Example: ENRON
By Mathias Ball
In order to test our e-mail import module and the word indexer we picked up the ENRON e-mail corpus and loaded it into our database.
ENRON was one of the biggest US energy companies with headquarter in Houston, Texas. In 2001 ENRON caused a big scandal due to continued balance forgery. During crime investigations all e-mails of the company were confiscated. In the meantime these e-mails are released for computer and programming science purposes.
For the testing of K4 we wrote a specific import module that reads the compressed ENRON e-mail corpus (without attachments) and writes it to the database. The e-mails were extracted, their headers analyzed and their content (bodies) indexed.
- Size of compressed corpus: 423 MB; decompressed: 2.6 GB
- Size of resulting Firebird database file: 10.5 GB
- 517,401 e-mails with 8,164,014 properties extracted from headers
- 773,431 rows in object blob table “DOK_OBJ”. Each e-mail is expected to create at least 2 rows in “DOK_OBJ”: One is required for the reconstruction of the original e-mail and the other one for the text body. If an email is read that has the same body as an e-mail which is already in the database, no new “DOK_OBJ” row is created. Instead a link to the existing one is created. Since the total number of rows in “DOK_OBJ” is significantly lower than twice the number of e-mails in the set, many e-mails must contain the same body.
- 106,192 rows in table “ORG_EDI_ADR”, i.e. different e-mail addresses extracted from the headers.
- 43,546 rows in table “ORG_PERS”, i.e. recipient and sender names extracted from the headers.

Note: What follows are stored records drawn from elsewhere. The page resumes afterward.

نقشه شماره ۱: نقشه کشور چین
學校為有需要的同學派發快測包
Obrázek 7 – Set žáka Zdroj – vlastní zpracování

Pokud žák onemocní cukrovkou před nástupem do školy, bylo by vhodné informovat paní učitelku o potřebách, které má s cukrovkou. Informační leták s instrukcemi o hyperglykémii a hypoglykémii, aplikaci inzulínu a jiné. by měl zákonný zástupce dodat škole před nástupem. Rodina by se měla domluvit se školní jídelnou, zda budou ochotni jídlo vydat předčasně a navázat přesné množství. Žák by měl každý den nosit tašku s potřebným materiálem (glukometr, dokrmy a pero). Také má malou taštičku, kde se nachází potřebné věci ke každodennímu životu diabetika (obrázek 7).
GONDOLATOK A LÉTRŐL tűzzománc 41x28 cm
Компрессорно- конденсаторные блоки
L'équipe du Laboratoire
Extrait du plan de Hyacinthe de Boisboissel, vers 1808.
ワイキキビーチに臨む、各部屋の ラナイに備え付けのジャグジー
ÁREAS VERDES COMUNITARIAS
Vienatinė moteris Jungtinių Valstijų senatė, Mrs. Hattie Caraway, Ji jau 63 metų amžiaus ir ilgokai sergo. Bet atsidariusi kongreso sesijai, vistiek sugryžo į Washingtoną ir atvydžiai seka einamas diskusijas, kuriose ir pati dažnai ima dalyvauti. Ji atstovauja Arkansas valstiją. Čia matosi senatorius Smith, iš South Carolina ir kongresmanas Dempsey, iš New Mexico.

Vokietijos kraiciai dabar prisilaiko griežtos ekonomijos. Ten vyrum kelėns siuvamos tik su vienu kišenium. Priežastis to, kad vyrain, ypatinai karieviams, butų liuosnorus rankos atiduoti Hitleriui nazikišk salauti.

- 49,083 correlations between “ORG_EDI_ADR” and “ORG_PERS” created as determined from header extractions.
- The total number of different words extracted from email bodies is 1,064,722. For these words 28,328,384 connections have been established to email bodies stored in the table “DOK_OBJ”.

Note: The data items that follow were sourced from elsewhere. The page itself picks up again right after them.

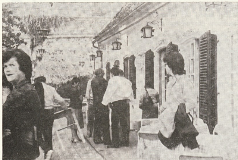
Pred ptujskim gradom

Ob ogledu grajskih znamenitosti se je verjetno marsikomu v mislih prikazala slika življenja nekdanjih graščakov. Grad je namreč iz 13. stoletja, kasneje pa so ga obnavljali. Zadnji lastniki so odšli z gradu šele leta 1946. Na vrsto je prišel za vse udeležence izleta tudi najbolj veseli del. Odpeljali smo se v Ormož na kosilo. Or-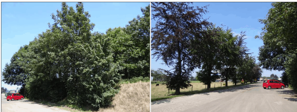
Afbeelding 2: Impressies van de houtkant en de laanbomen langs de bestaande inrit van loonbedrijf Kurstjens.

Ter plaatse van het nieuw te bouwen kantoor met parkeerplaats is momenteel verharding en een weide aanwezig die in gebruik is voor koeien. De nieuwe inrit, die gepland is aan de westzijde van het nieuwe kantoor en de al aanwezige loods, wordt aangebracht ter plaatse van een aanwezige akker en enige ruigte op een grondwal (zie afbeelding 3). Beschermde plantensoorten zijn hier niet waargenomen en zijn evenmin te verwachten, gezien het grondgebruik. Algemeen voorkomende zoodiersoorten (tabel 1, AMvB artikel 75; bijvoorbeeld konijn en haas) kunnen hier wel geschikt leefgebied vinden. De nieuwe bedrijfsruimte in het oostelijk deel van het plangebied wordt aangelegd ter plaatse van al aanwezige bouwwerken (silo's). Beschermde soorten zijn hier niet te verwachten.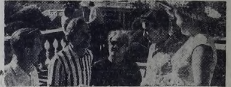
Теплая ясная погода стоит на Черноморском побережье Кавказа. Сочинские санатории, пансионаты и дома отдыха гостеприимно принимают трудящихся, приезжающих сюда со всех концов страны. На снимке: в санатории имени Орджоникидзе.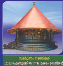
സാർവ്വം നടരവർ 2022 ഫെബ്രുവരി 07 (1197 മകരം 24) തിങ്കൾ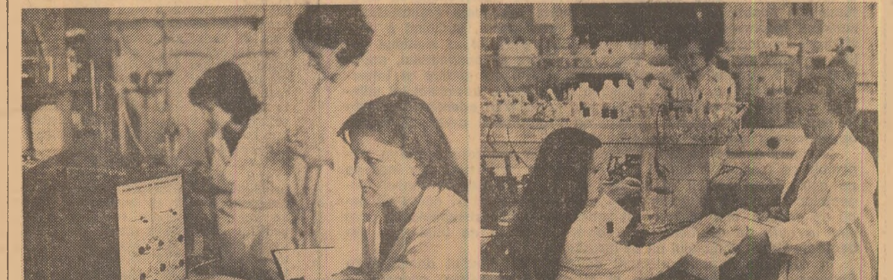
Studenții efectuează cercetări în cadrul Facultății de chimie a Universității „Babeș-Bolyai” din Cluj-Napoca.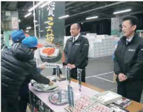
包装を確認する卸売業者

「能登志賀ころ柿」に対し金沢市中央卸売市場で15万円、大阪市中央卸売市場で17万円をつけていただく事ができました。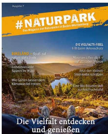
Das jährlich erscheinende Magazin #Naturpark beleuchtet nachhaltige Regionalentwicklung und kulturelles Erbe.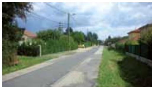
L'aménagement du chemin prévoit entre autres la création d'un espace pour les piétons et cyclistes.

Le 6 juin, la commune conviait les habitants du quartier des Lazaristes à une réunion d'information. Le bureau d'études Aintégra a présenté un projet d'aménagement axé sur deux objectifs : réduire la vitesse des véhicules et sécuriser les déplacements doux (piétons, vélos). Des réductions ponctuelles de largeur de la chaussée, additionnées d'obstacles (coussin berlinois), permettront de tempérer le flux de circulation, d'aug-

According to English Live the English language has up to 170,000 common words. During our test we extracted six times as many. Most likely, many extracted words are variants of the same word root. To test it, we searched for “government” as example in our word list and found 198 different words that contain “government” as part. Hence, the most useful way to reduce the indexed list of words is to apply a stemmer algorithm that identifies the root words.
Our current word extraction algorithm has some abilities to subdivide words into several categories. Results are:
- 252,237 words were recognized as dates and time. 164,230 contain am/pm.
- 98,446 words are e-mail addresses “@.*”.
- 80,613 potential “words” are longer than 50 characters and yet no URLs. They can be discarded, because they contain embedded e-mails and base64 encoded objects. Such cases demonstrate, that our Python based e-mail parser can still be improved in many ways.
- 36,866 words contain only numbers and +/- (mostly phone numbers)
- 26,654 words are URLs ( they include “http://”).
- 16,515 words contain HTML-Tags where we did’nt expected them.
- 7,889 words contain prizes starting with dollar sign “$”.
- 1,497 words start with an apostrophe.